C.   Nitrogen and Other Gases

            In general, nitrogen contents of North Slope gases are low, with most values less than 4 mole % as shown in Figure 6.  The only analyses from gas accumulations that are higher than this are a few points from the Barrow fields and Walakpa.  The Walakpa measurements are known to be too high due to air contamination (Exxon, written communication to T. S. Collett. 1990).  The obvious exceptions to the general range of values are the three tests in the South Simpson No. 1 well with more than 70% nitrogen.  The origin of these high nitrogen contents is unknown, however, they appear to be a very localized phenomenon.

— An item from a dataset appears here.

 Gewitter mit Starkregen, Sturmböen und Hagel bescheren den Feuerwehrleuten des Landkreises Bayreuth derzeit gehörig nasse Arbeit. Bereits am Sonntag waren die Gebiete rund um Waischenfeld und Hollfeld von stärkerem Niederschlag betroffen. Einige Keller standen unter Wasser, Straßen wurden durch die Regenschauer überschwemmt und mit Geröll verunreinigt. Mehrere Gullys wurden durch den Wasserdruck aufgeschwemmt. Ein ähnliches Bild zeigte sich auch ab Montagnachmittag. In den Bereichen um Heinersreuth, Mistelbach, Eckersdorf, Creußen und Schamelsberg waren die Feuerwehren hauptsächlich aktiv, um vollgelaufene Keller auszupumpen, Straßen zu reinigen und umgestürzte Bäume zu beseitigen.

            The nitrogen contents do not show any obvious trends with depth or stratigraphic sequence.  This may be partially influenced by incomplete data sets.  None of the analyses reported by Masterson (Masterson, 2001) include nitrogen, so we are missing points from Beaufortian reservoirs that are at intermediate depths.  Also, the data released by industry for the Endicott field does not include nitrogen.

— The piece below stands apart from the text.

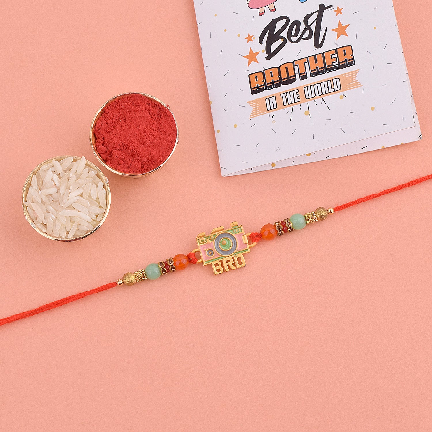 • Package:Β 1 Pc Rakhi, roli akshat and greeting card

            The only other gas of importance is hydrogen sulfide.  The oil accumulations of the greater Prudhoe Bay and Kuparuk River fields are relatively high in sulfur, containing an average of 1.0 and 1.6 weight %, respectively (Masterson, 2001) .  Also, there is evidence that the deep water facies of the Lisburne Formation, a thick carbonate section, generated a unique type of oil on the North Slope (Lillis and Magoon, 2002) , although it’s contribution to the accumulations at Prudhoe and Kuparuk appears to be minor (Masterson, 2001) .  Worldwide, petroleum source rocks related to carbonate-rich sedimentary sequences produce high sulfur oils and gases containing H2S (Hunt, 1996) .  Remarkably, no analyses of gases on the North Slope report H2S.  The only possible significant H2S occurrence may be related to the occurrence of molten sulfur at total depth in the Inigok No. 1 well (Hunt, 1996) .

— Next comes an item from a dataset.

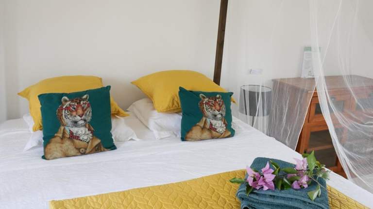 Die Villa verfügt über einen eigenen Strandbereich, in dem Sie entspannen und die Sonne genießen können. Der Garten lädt ebenfalls zum Verweilen ein. In der Umgebung gibt es zahlreiche Aktivitäten wie Schwimmen, Schnorcheln und Wandern, die Ihnen ein abwechslungsreiches Freizeitangebot bieten.

Stable Isotope Relationships

A.  Methane

            The carbon stable isotope composition of methane is shown as a function of depth (Figure 7).  A trend of decreasing depletion in 13C with increasing depth is apparent.  This trend is consistent with observations in many petroleum basins (Hunt, 1996) and reflects generation of gases at progressively higher levels of thermal maturity.  The cluster of gases with isotopic compositions between –37 and –45 %o PDB at depths of about 2000 to 3500 feet may be due to migration of gases from depth as suggested by the vertical arrows in the figure.  The points for the Alpine Field and the Liberty Unit of the Prudhoe Bay Field are isotopically lighter than expected for the depth of the reservoirs.  The methane in the Alpine field appears to be microbially generated (Masterson, 2001) .  The methane in the Liberty Unit may contain a significant fraction of microbial methane.

            Comparison of variations in the dryness paramater, C1/C2+, with the variations in the stable isotopic composition of methane, provides evidence for the source and alteration of gases on the North Slope.  There is a clear distinction between the microbially generated gases in the Simpson Field and thermogenic gases in almost all other accumulations on the North Slope (Figure 8).  Three hypothetical mixing lines between different microbial endmembers and and thermogenic gas endmembers are shown on Figure 8.  Each point on the curves represents a 20 % (mole basis) increment of mixing.  If these mixing lines connect reasonable end-member gases, then the isotopically light methane in the Alpine, Tarn, West Sak, 2 Barrow field tests, and the Liberty Unit require mixing of 10 to 50% microbial gas with thermogenic gas to generate the observed compositions.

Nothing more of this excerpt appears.